# Plugging cocaine on the plane to Spain



## Slagface (Dec 10, 2016)

Going back home to Benidorm for a few days this weekend. As most that frequent the strip know, the quality of powder available is absolutely obismal. Their 80 euro flake is no more than 5%.

Iv heard a few people take their gear away with them. Any of you lot do this? If so how? If I plug a few grams will it show on the X-ray walk through thing? Last time I went out via Gatwick they drug swabbed my hands so a bit unsure wether to risk it or not.


----------



## BLUE(UK) (Jan 9, 2008)

Maybe you need a third party plugging service.

@Disclosure


----------



## Brook877 (May 16, 2012)

Agreed the quality out there is shite, pills seem better and cheaper..

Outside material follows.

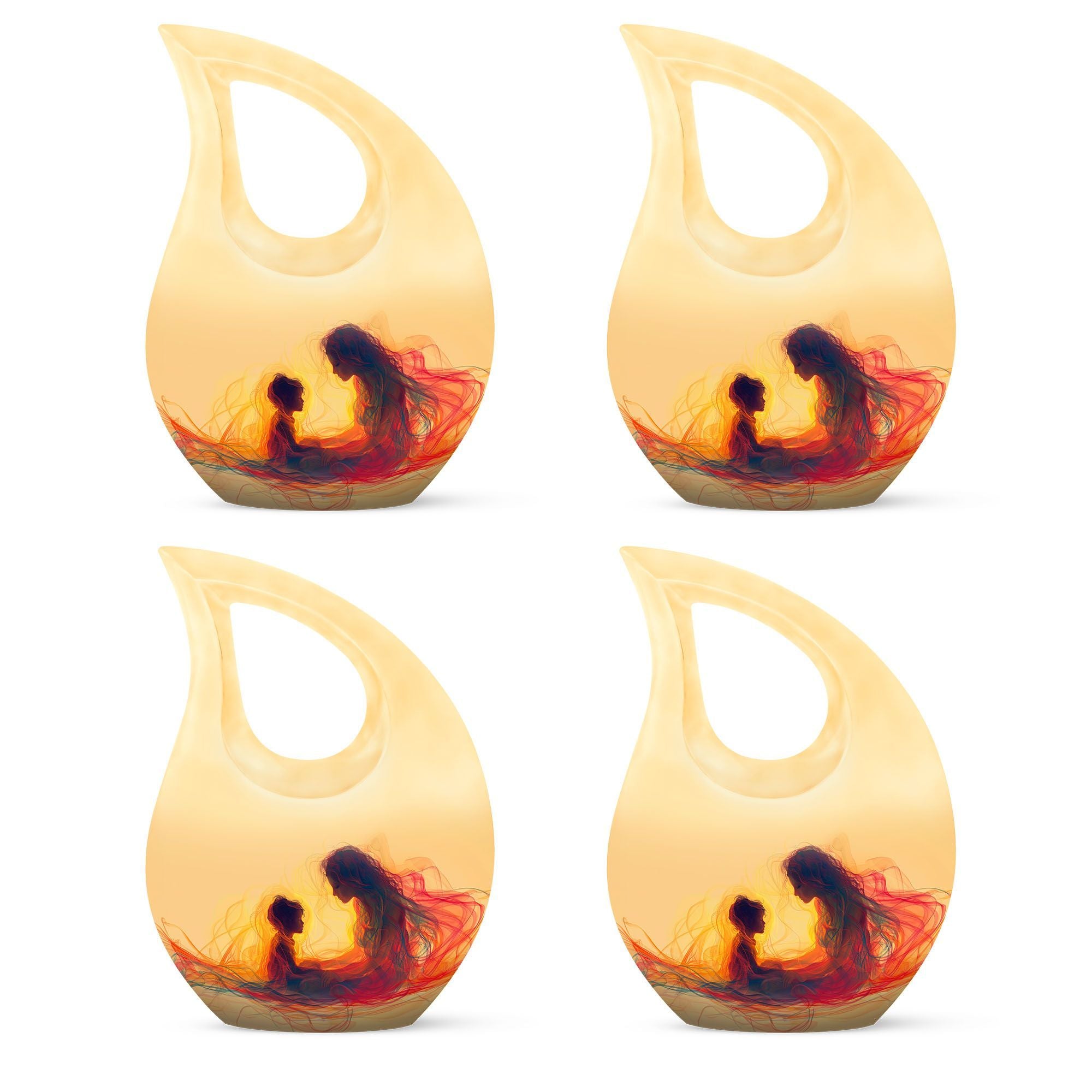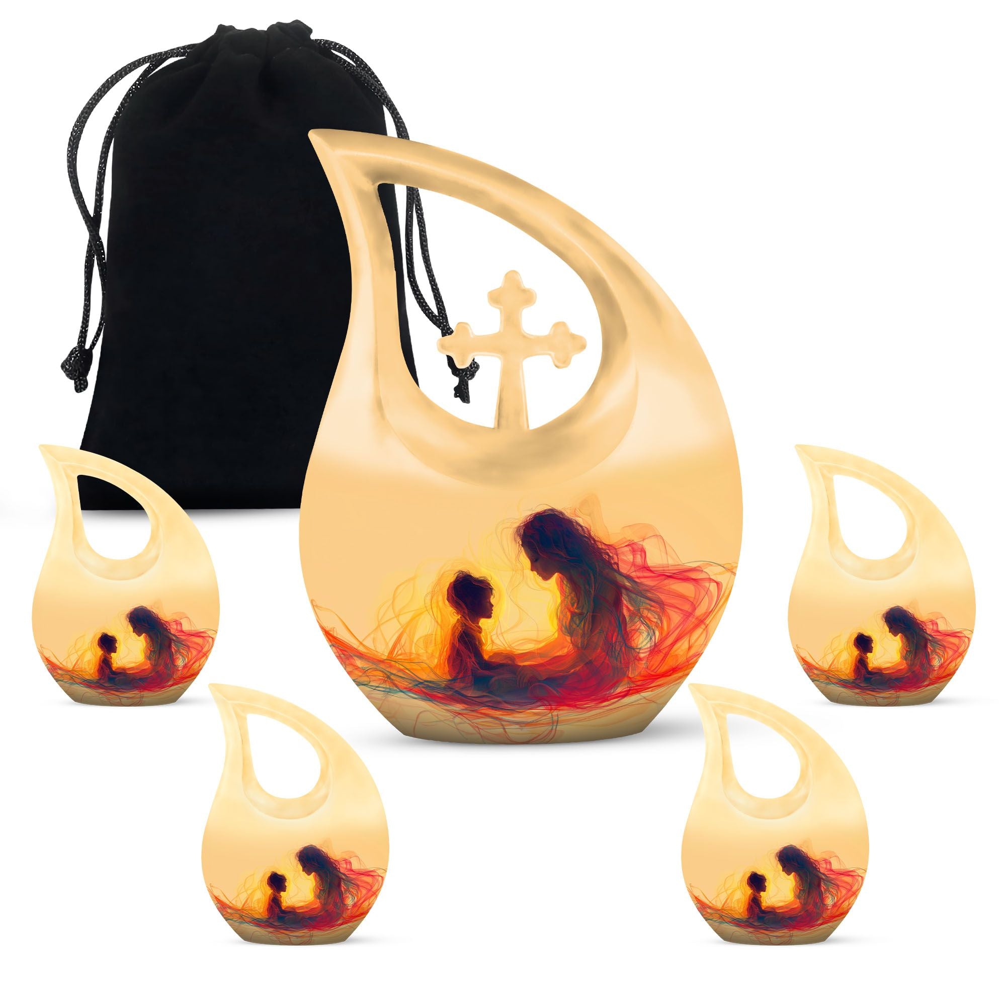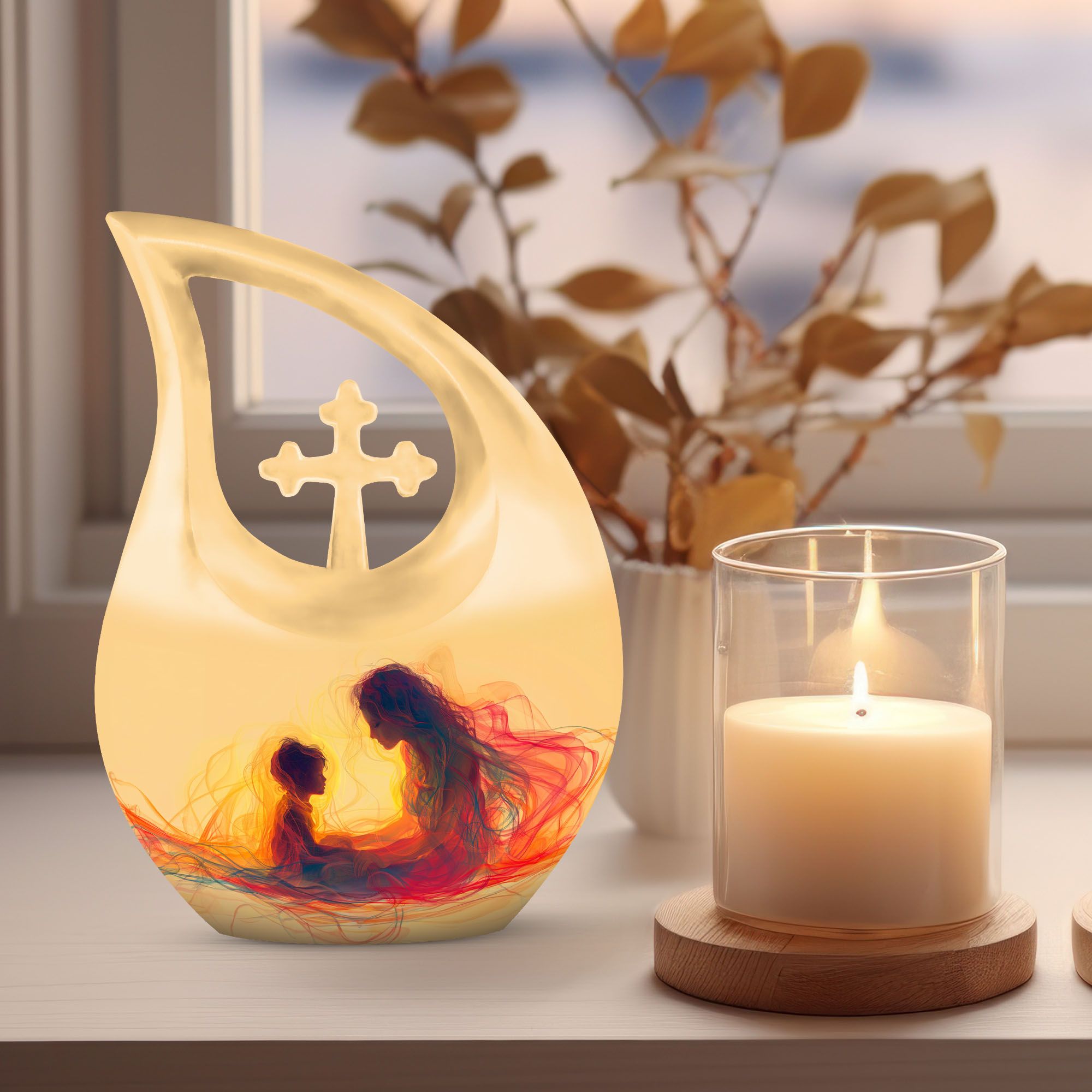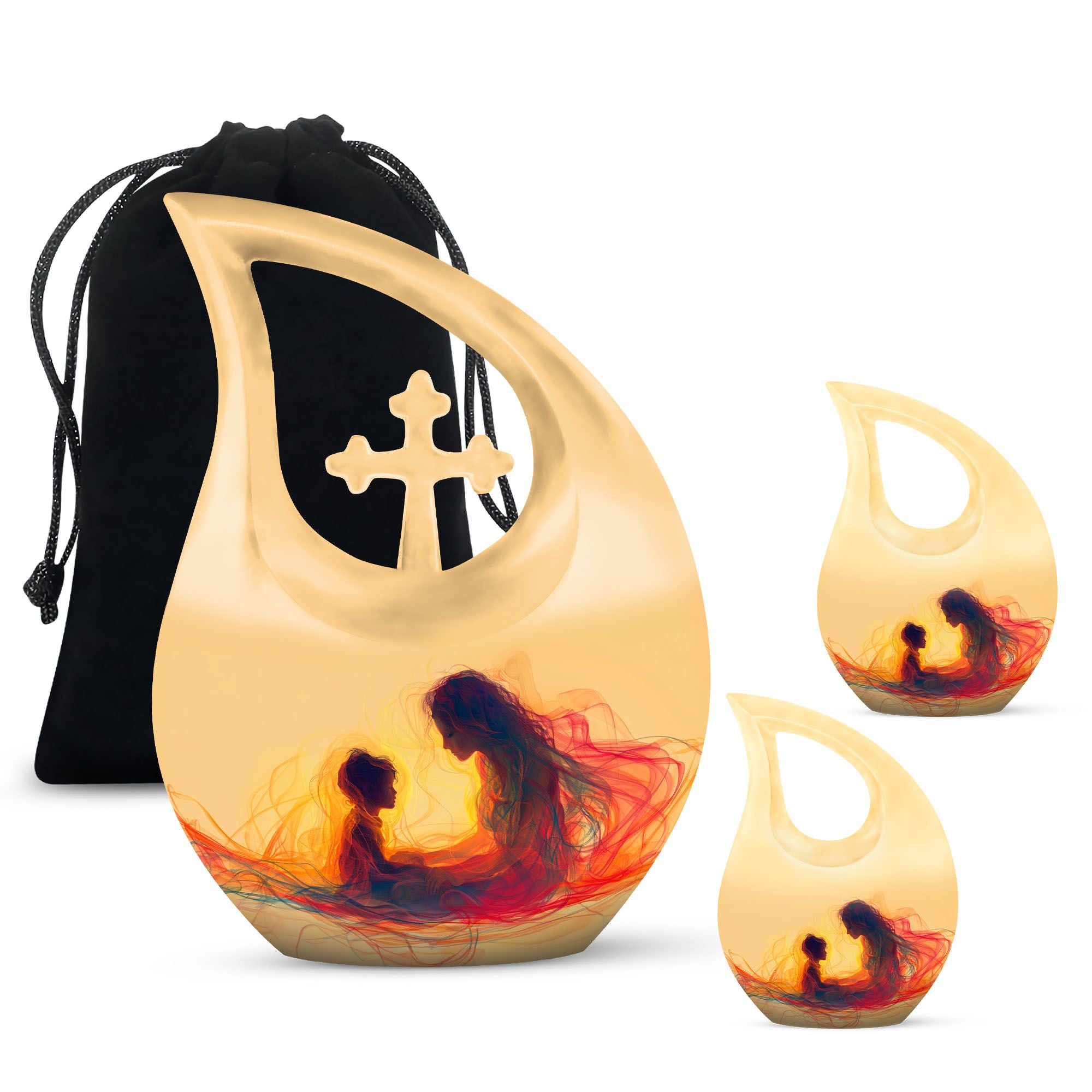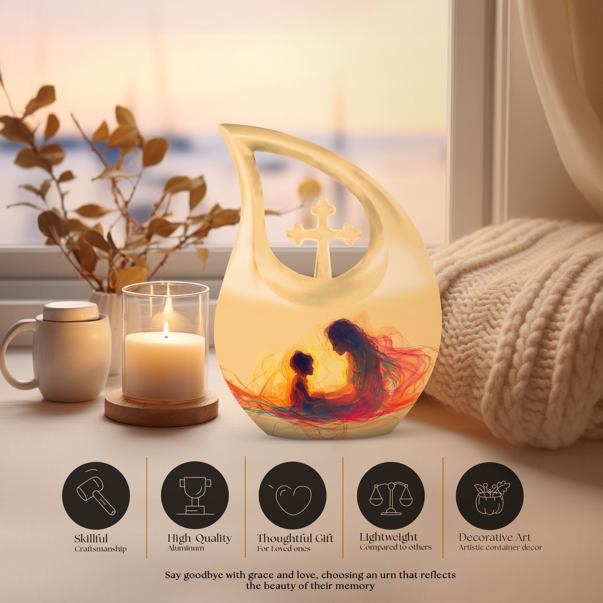 Pay a respectful tribute to your beloved mother with our meticulously crafted Mother Urn. Measuring a generous 10 inches in height, this Large Urn can effortlessly contain up to 200 cubic inches of ashes. The overall construction is quite substantial with the urn weighing in at 3.3 pounds and made from high-grade aluminium for enhanced durability and longevity. Decorated with an intricate Cross Drop, the urn's thematics are geared towards honoring the eternal love and care of a 'Mother'. Accompanying the urn is a velvet pouch providing a dignified containment for ashes. We also offer the opportunity for personalization with engraved names, transforming this urn into a unique remembrance. Our Funeral Urns for Ashes impart a substantial presence and profound sentiment. Add our 'Memorial Urns' to your list of 'Funeral Options.' This decorative urn makes a thoughtful gesture, especially for those in search of a 'Double Urn' or specific 'Urn for Mom'. Note: Design is Cross Drop with Mother Theme.

You going with hand luggage only? If you're swapped you're screwed and I'm not advising it but I have walked through with a couple of bags just in my wallet and (sepprate occasion) with a bit more than 2 bags bagged up inside a little Tupperware tub full of coffee in my case..


----------



## G-man99 (Jul 15, 2008)

Know plenty of people who plug it, we did it going to Ibiza and Vegas with no issues at all


----------



## Sasnak (Oct 11, 2016)

Slagface said:


> Gatwick they drug swabbed my hands


 You sure? I'd have thought they swabbed you for explosives? They did that to my 11 year old daughter on a flight from East Midlands to Tenerife last year and properly wiped down her iPad as well.

Just stick it in your hand luggage, you'll be fine.


----------



## Slagface (Dec 10, 2016)

G-man99 said:


> Know plenty of people who plug it, we did it going to Ibiza and Vegas with no issues at all


 The walk through scanners can't see in rectums then no?


----------



## 31205 (Jan 16, 2013)

My mate always plugs sniff when he goes abroad. Those X-ray things have never got him. Pretty sure they only see clothes deep.


----------



## 31205 (Jan 16, 2013)

Slagface said:


> The walk through scanners can't see in rectums then no?

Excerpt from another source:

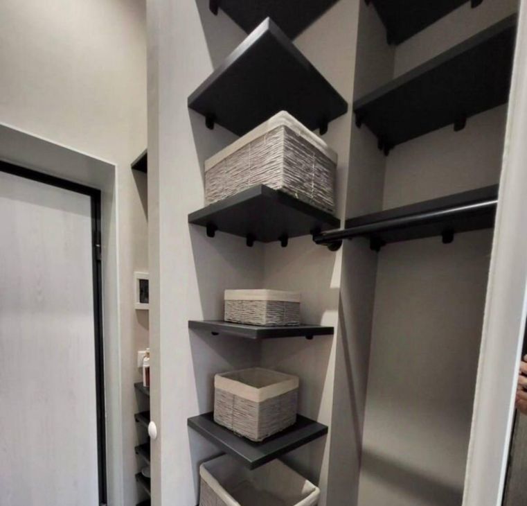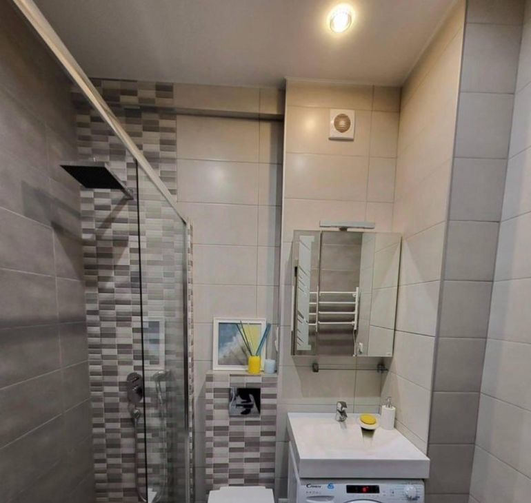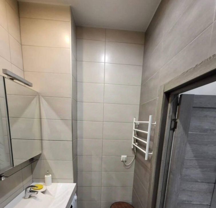 Душевая с тропическим душем, полка Икеа, полотенцесушитель. На окнах жалюзи блэкаут.

 They never have with my mate. I was bricking it when we all had to go through them cos I knew he had sniff up his bum bum. Got through fine.


----------



## Slagface (Dec 10, 2016)

sen said:


> They never have with my mate. I was bricking it when we all had to go through them cos I knew he had sniff up his bum bum. Got through fine.

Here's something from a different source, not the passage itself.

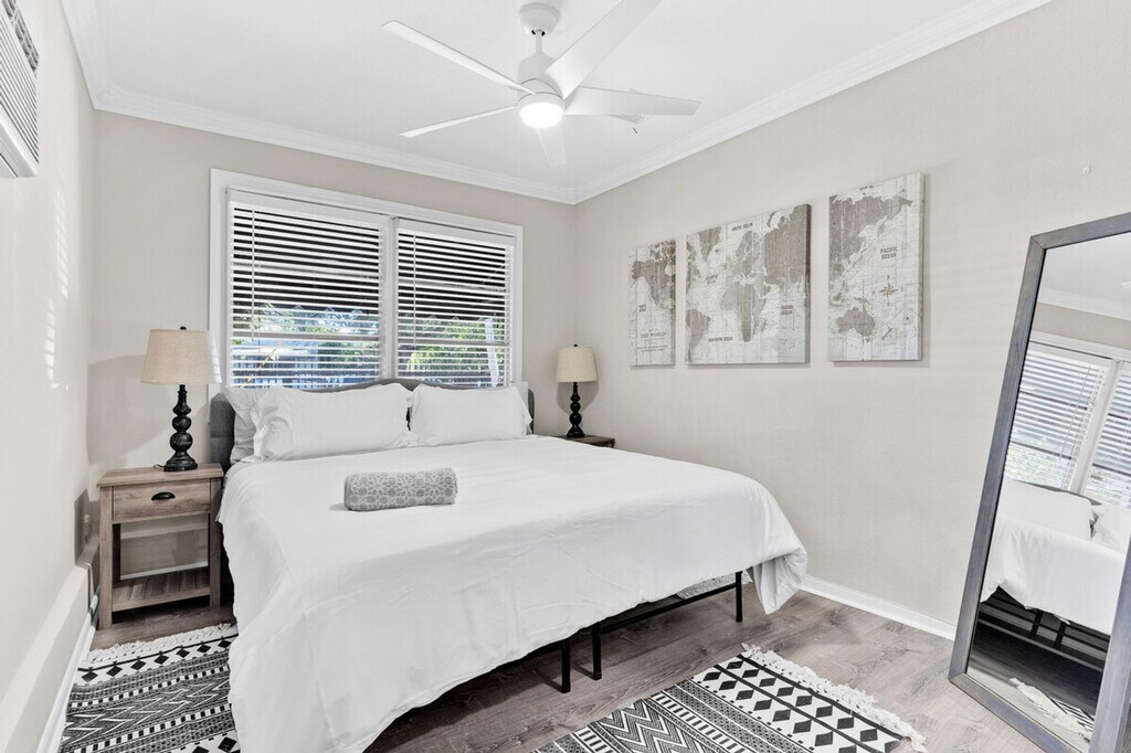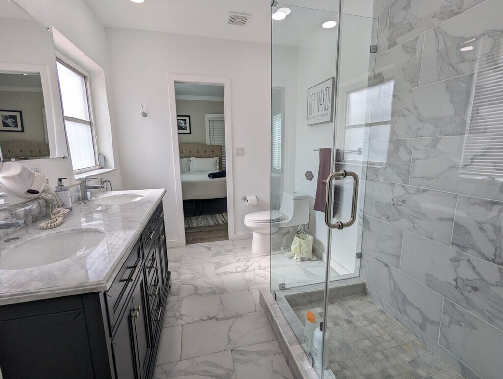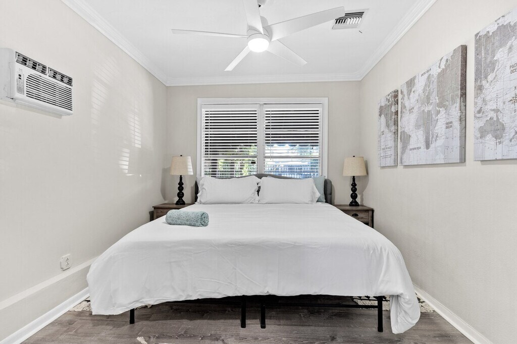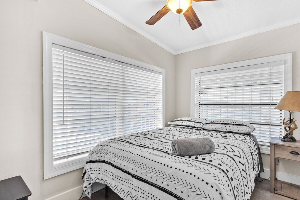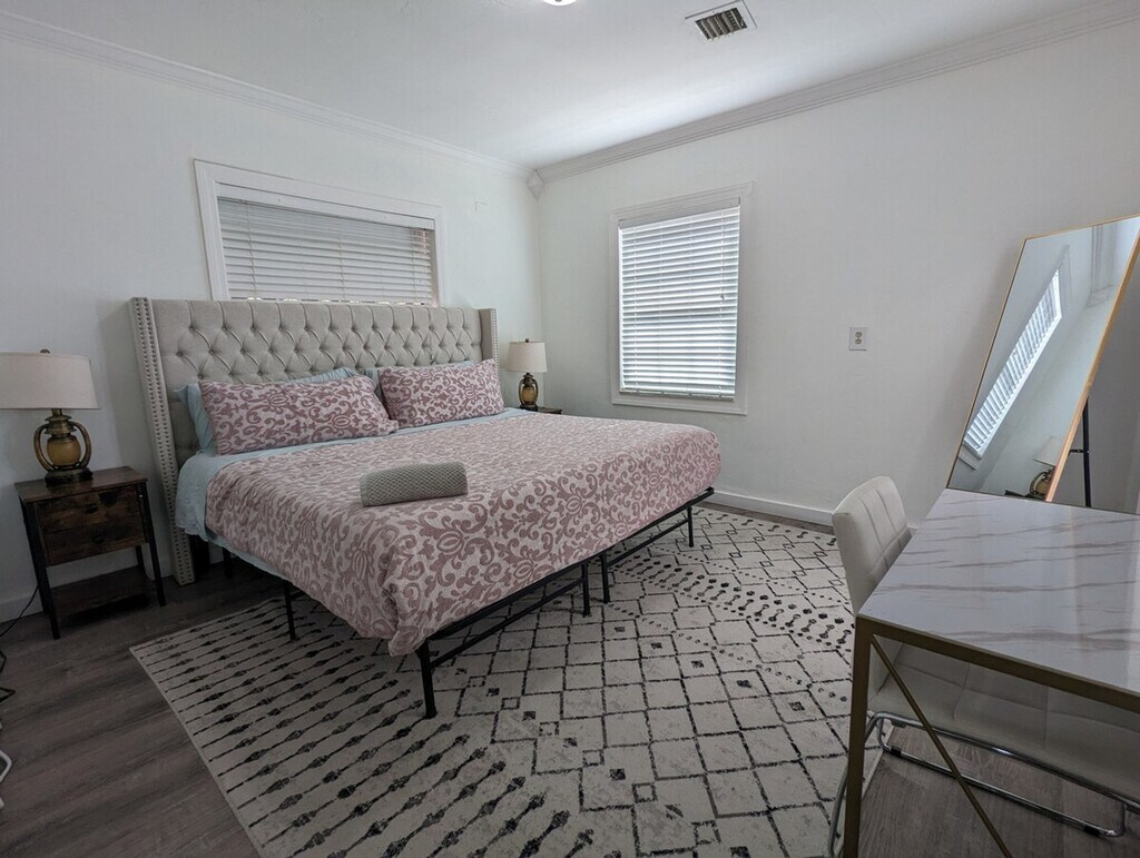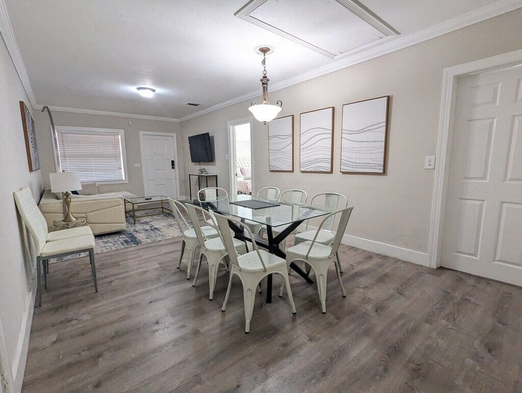 Feel at home in this cozy 4-bedroom, 3-bathroom home with modern updates and original charm. This home features a fully equipped kitchen, a spacious dining area for eight, and a relaxing living area with a 50-inch TV. Enjoy the hot tub, two king-size bedrooms, one with a luxury en-suite bathroom, another room with two queen beds, plus a full bed in a separate room. High-speed Wi-Fi completes the perfect getaway experience. Paid laundry facilities are available on the property. There are four studio units on the property occupied by long-term tenants. These units are completely separate from the main house, ensuring your privacy is maintained throughout your stay. Quiet hours are between 9 PM and 6 AM. This is a strictly non-smoking property, including all indoor areas and the hot tub vicinity. The home is not fully wheelchair accessible.

 Right. I'm doing it lol. Wish me luck


----------



## jakes (Jun 1, 2017)

The x-ray machines only see beneath clothes, wont penetrate skin.

Just don't leave the durex hanging out lol.

Personally I'd just stick to drink but..


----------



## IronJohnDoe (Oct 17, 2013)

Slagface said:


> Right. I'm doing it lol. Wish me luck


 Good luck.


----------



## G-man99 (Jul 15, 2008)

Slagface said:


> The walk through scanners can't see in rectums then no?


 No mate, just highlights weapons etc not actual internal items


----------



## Slagface (Dec 10, 2016)

jakes said:


> The x-ray machines only see beneath clothes, wont penetrate skin.
> 
> Just don't leave the durex hanging out lol.
> 
> Personally I'd just stick to drink but..


 Mate I go full power mess mode in beni, I'm talking no sleep no food no water just vodka cocaine exctacy and viagra Thursday to Monday. Without Charlie I'd flop after 20 hours.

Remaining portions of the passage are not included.